But don't try to bend, shape and mould policies to fit your agenda as a way around something. You are not at your "last resort" yet.


----------



## SeaKingTacco (23 Sep 2015)

Moxo,

First of all, I would like to offer condolences on your situation.

I would urge you not to give up so easily on the CF. if you have already done so, make your situation known to your Div PO and Div O. Ask for an interview with the CO, if you must. I have never known a CO that would not throw every available resource at a situation like yours, especially to prevent you from releasing.

The CF provides you a good stable career to help raise your children. It will not be easier outside the CF, working for industry, to organize your life. In fact- it may be harder.

The MFRC is a great resource. The PATA leave (if approved, and I cannot think why not, if you are adopting) gives you time to settle your life out and establish some support networks. As pointed out above, you may be able to get a compassionate posting ashore for a couple of years to reorganize your life.

Good luck.


----------



## mariomike (23 Sep 2015)

Moxo said:
			
		

> Being a single parent is difficult.. being a single parent in the military seems impossible.





			
				Moxo said:
			
		

> I am aware that there are single parents in the military. I honestly don't know how they do it?



Some discussion here,

Single Parenting in the CF  
https://army.ca/forums/threads/50191.0/nowap.html
4 pages.

Single Parents in the Military  
http://army.ca/forums/threads/50433.0;nowap

Single Parenthood  
http://forums.army.ca/forums/threads/105007.0/nowap.html



			
				Moxo said:
			
		

> What would I do with my children if I need to go to sea, or if i got deployed for 6 months.

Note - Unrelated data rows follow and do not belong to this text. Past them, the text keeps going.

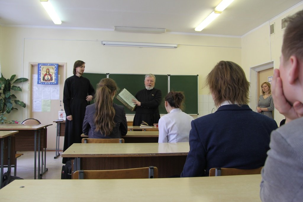 В этот же день в средней школе №1 г. Дрезны состоялась встреча учащихся с настоятелем Параскевинского храма деревни Горбачиха священником Антонием Готманом, который познакомил ребят с православными книгами.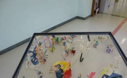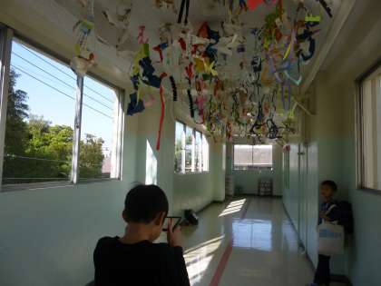 脚立を使って、どんどん2年生の廊下に作品をとめていきました。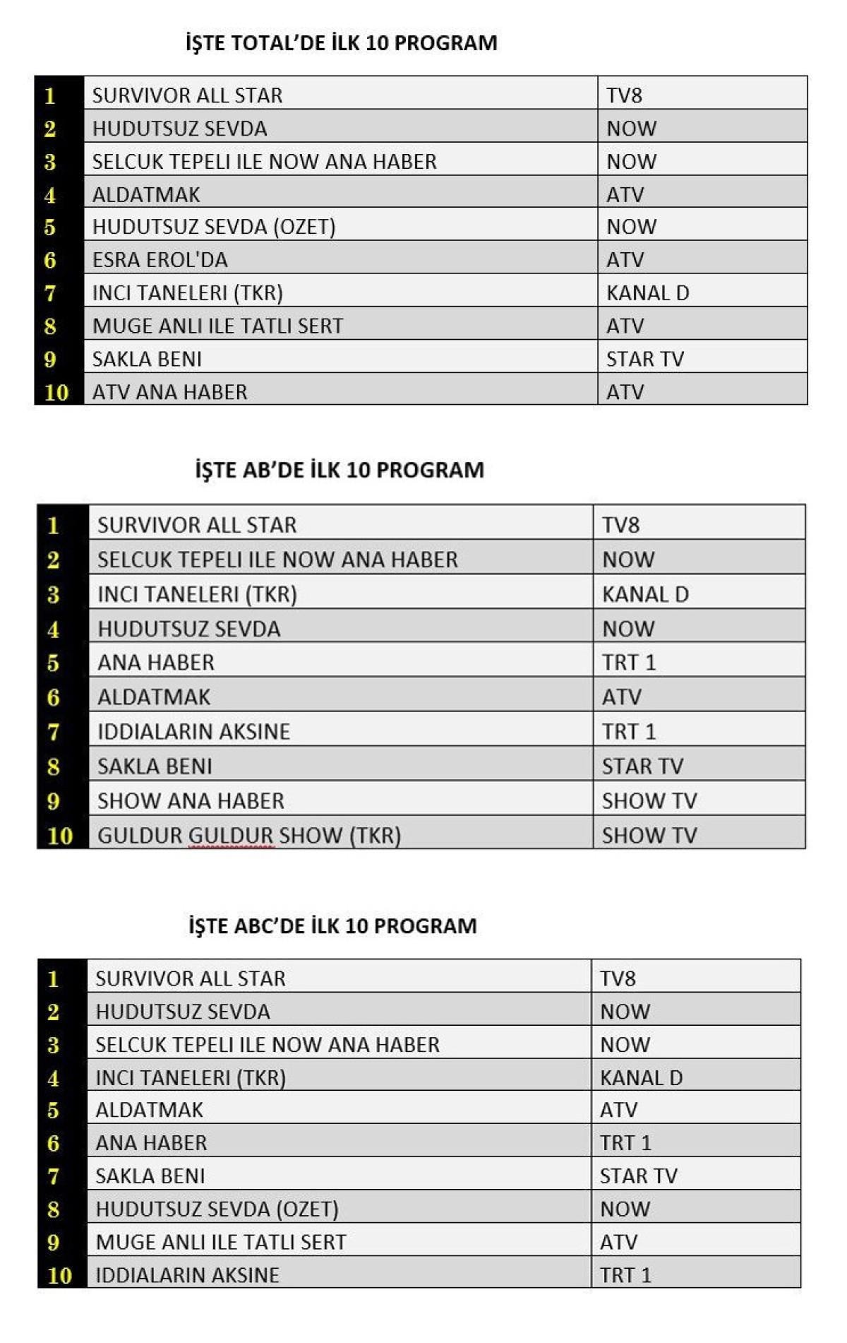 AB'de birinci sırada Survivor All Star, ikinci sırada Selçuk Tepeli ile NOW Ana Haber, üçüncü sırada İnci Taneleri tekrar yer aldı.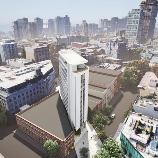 80 Powell Street presents a rare opportunity to develop a boutique hospitality asset at the eastern gateway to Gastown, one of Vancouver’s most iconic and culturally significant neighbourhoods. The site is currently improved as a surface parking lot and is the subject of an active development permit application for a 13-storey or 14-storey hotel with a destination rooftop restaurant. The proposed development has been thoughtfully designed to integrate with Gastown’s historic context, referencing the site’s former CPR railway alignment and off-grid orientation while introducing contemporary architecture that complements the surrounding heritage streetscape. A setback, double-height ground floor creates a highly permeable pedestrian realm, strengthening connections between Powell Street, the laneway, and adjacent public spaces. Crowning the building, the rooftop restaurant is envisioned as a publicly accessible destination offering panoramic views over the downtown waterfront, port facilities, Burrard Inlet, and the North Shore mountains. Positioned as a modern counterpart to Gastown’s historic western gateway, the project is designed to anchor the district’s eastern edge while contributing to the area’s continued revitalization and long-term economic vitality. 80 Powell Street offers investors a compelling opportunity to participate in the next chapter of Gastown — blending hospitality, placemaking, and heritage-sensitive design in a highly visible urban location.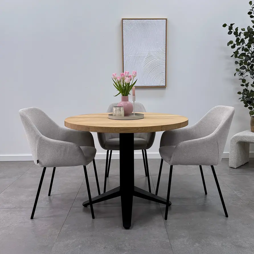 Ein schwarz beschichtetes Metall-Tischgestell, ideal für einen besonderen runden (Eichen)-Esstisch. Ein zentrales Tischuntergestell wird oft auch als Tischfuß oder Mittelfuß bezeichnet. Dieses "4-Fuß" Esstischgestell wird von erfahrenen Metallarbeitern von Hand geschweißt und mit einer hochwertigen schwarzen Pulverbeschichtung veredelt. Das schwarze Tischgestell hat eine stilvolle 4-Fuß-Form, wobei das Metallprofil von 12x12 cm besonders robust wirkt.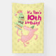 Un joyeux cochon sur une bannière d'anniversaire. Utilisez "Personnalisez ce modèle" et modifiez le nom et l'âge, en créant un élément unique et customisé. Une bannière avec un cochon brillant, sous un gâteau de couche de teetering avec des éclats de glace verte et surmonté de bougies roses.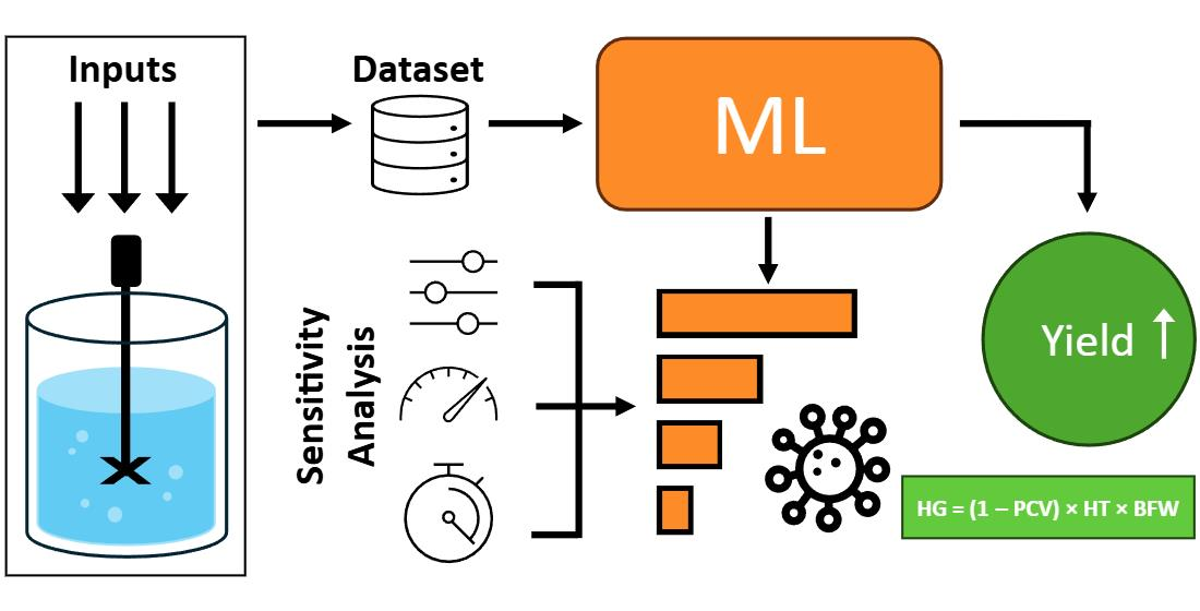 27], who highlighted the ability of ML models to uncover nonlinear parameter dependencies and guide operational stability in complex bioprocesses. In our study, because the exploratory framework relied primarily on BFW predictions, the resulting parameter recommendations represent aggregate yield behavior and may not fully capture HT- or PCV-specific effects.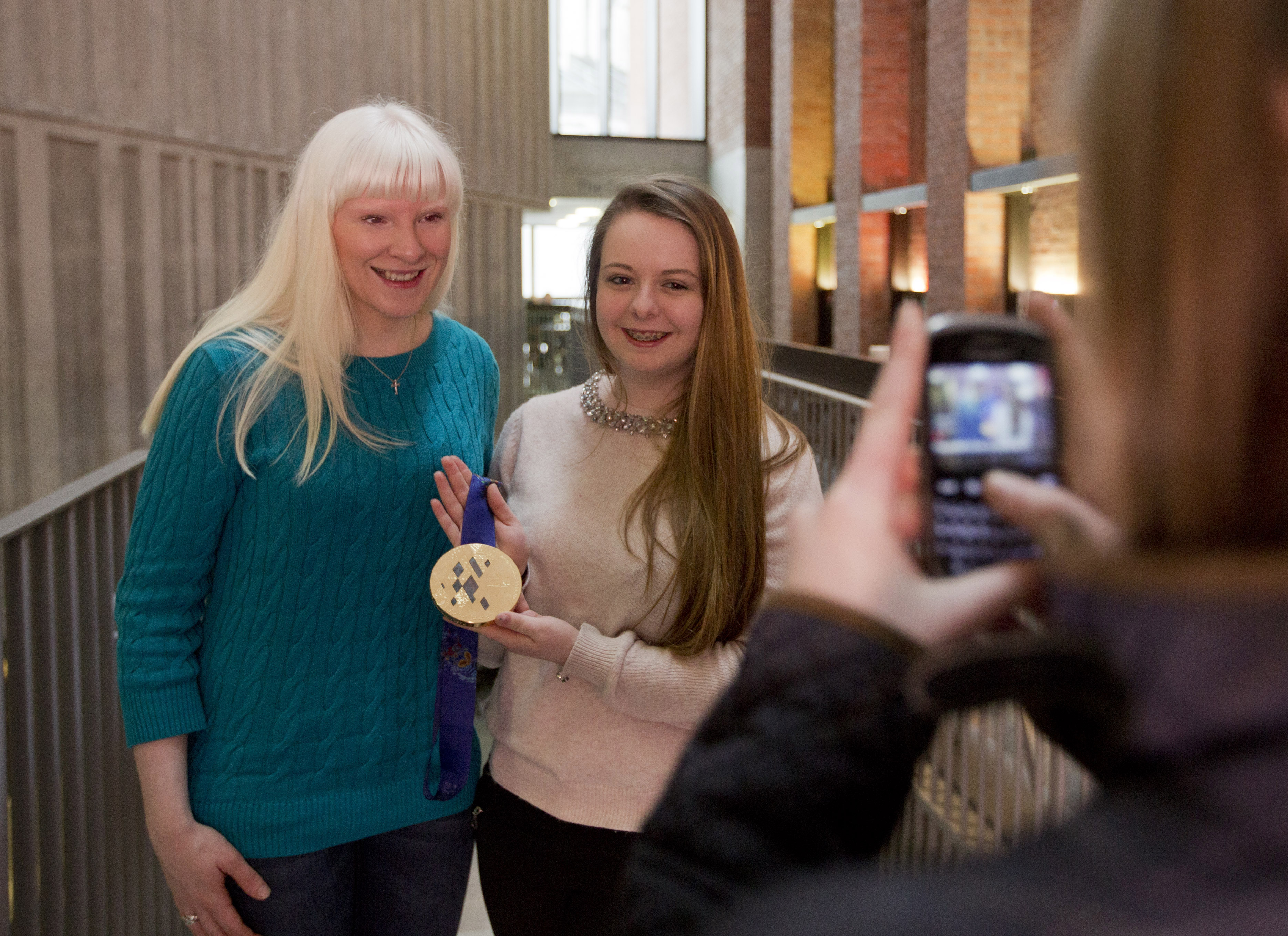 Paralympic gold medal winner Kelly Gallagher visited The MAC today to participate in a special arts workshop with almost 100 local schoolchildren. The workshop explored how young people view their identity as a part of ‘ID 2014’ (Identity Day), organised by The MAC in partnership with Belfast Education and Library Board Youth Service’s inclusion and diversity unit.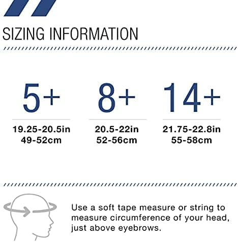 - Find Your Perfect Fit: Fits ages 5 and older. Available in 5+ (49 – 52 cm), 8+ (52 - 56 cm), 14+ (55 - 58 cm), measure head circumference with a string; adjustable chin strap with size release buckle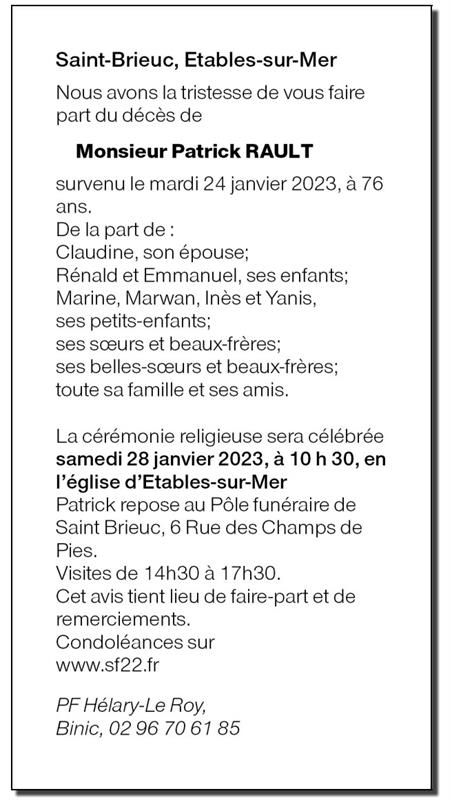 Fallecido en Saint-Brieuc (22000) el martes, 24 de enero de 2023 a la edad de 76 años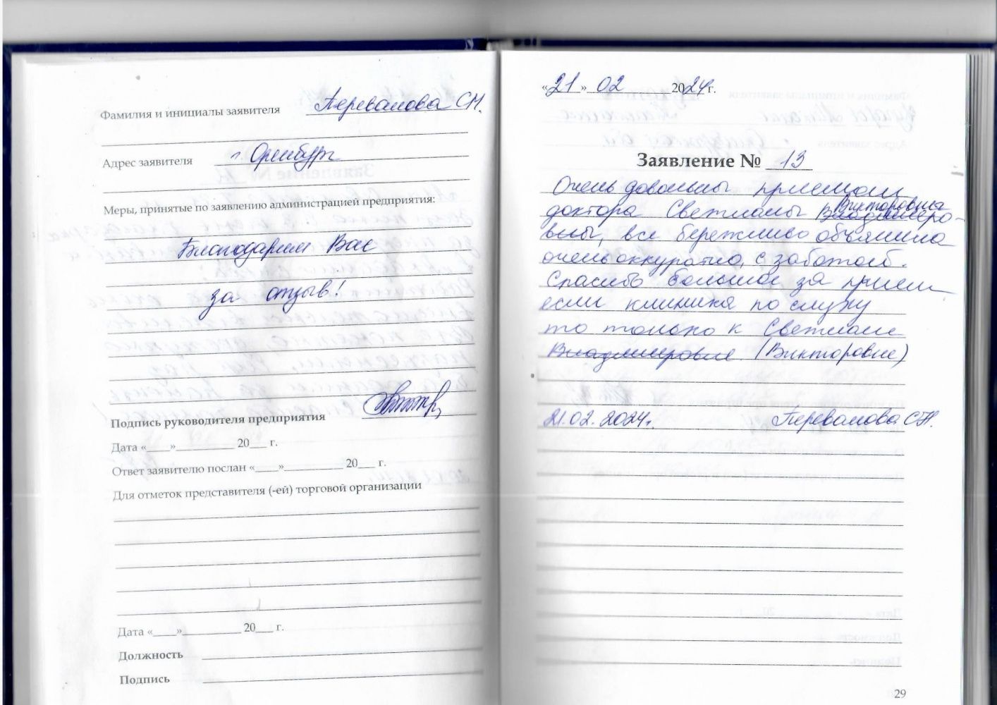 Прошу за хорошее и внимательное отношение к пациентам , объявить благодарность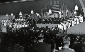 1945년 12월 16일 미국의 대학음악소사이어티에서 헨델의 메시아 중 ‘할렐루야’를 공연할 때 청중들이 기립해 있는 모습

Single fathers in Infantry trade... experiences, thoughts? 
http://army.ca/forums/threads/98758.0
( This is Army, but may have some things in common with single fathers in the Navy. )


----------



## Moxo (23 Sep 2015)

SeaKingTacco said:
			
		

> Moxo,
> 
> First of all, I would like to offer condolences on your situation.
> 
> ...



No I have certainly not given up. I know I would have issues balancing life/work in the civy world. I do want to find a way to make it work, and if money wasn't an issue I would simply hire someone to look after my children while I was away. My CoC is aware of my situation. I have had discussions with my Div O, but in the end it is up to me to figure out a way to make everything work. 

Wether or not I get to take parental leave is not going to affect my decision to adopt my step daughter. It is what we both want. I simply wanted to know if Parental leave would even be an option I'm my case. I know to some it seems like I'm trying to twist or bend rules and policies. But I was just asking a question. I thought I'd ask here before making an appointent with the mata/pata clerk.


----------



## Pusser (23 Sep 2015)

As others have already said, many condolences for your loss.

In the short term, you should certainly be able to get some compassionate leave in order to try and sort some details.  Another option to consider is a compassionate posting.  This would see you posted to a static shore position for a number of years in order to put plans in place.  There are career implications (cannot be promoted while on a compassionate posting), but it does provide some stability as you cannot be deployed either.  A compassionate posting also does not necessarily have to be within your trade.

Engage your divisional system.  It is there to help you and in my 30+ years in the Navy, I have never met a CO/XO/COXN, etc who would not bend over backwards in a case like this.

Good luck and hang in there.


----------



## mariomike (23 Sep 2015)

Moxo said:
			
		

> I thought I'd ask here before making an appointent with the mata/pata clerk.



In case you have not already read it, you may find this discussion of interest,

All Things MATA/PATA (merged)
http://army.ca/forums/threads/39902.150
7 pages.


----------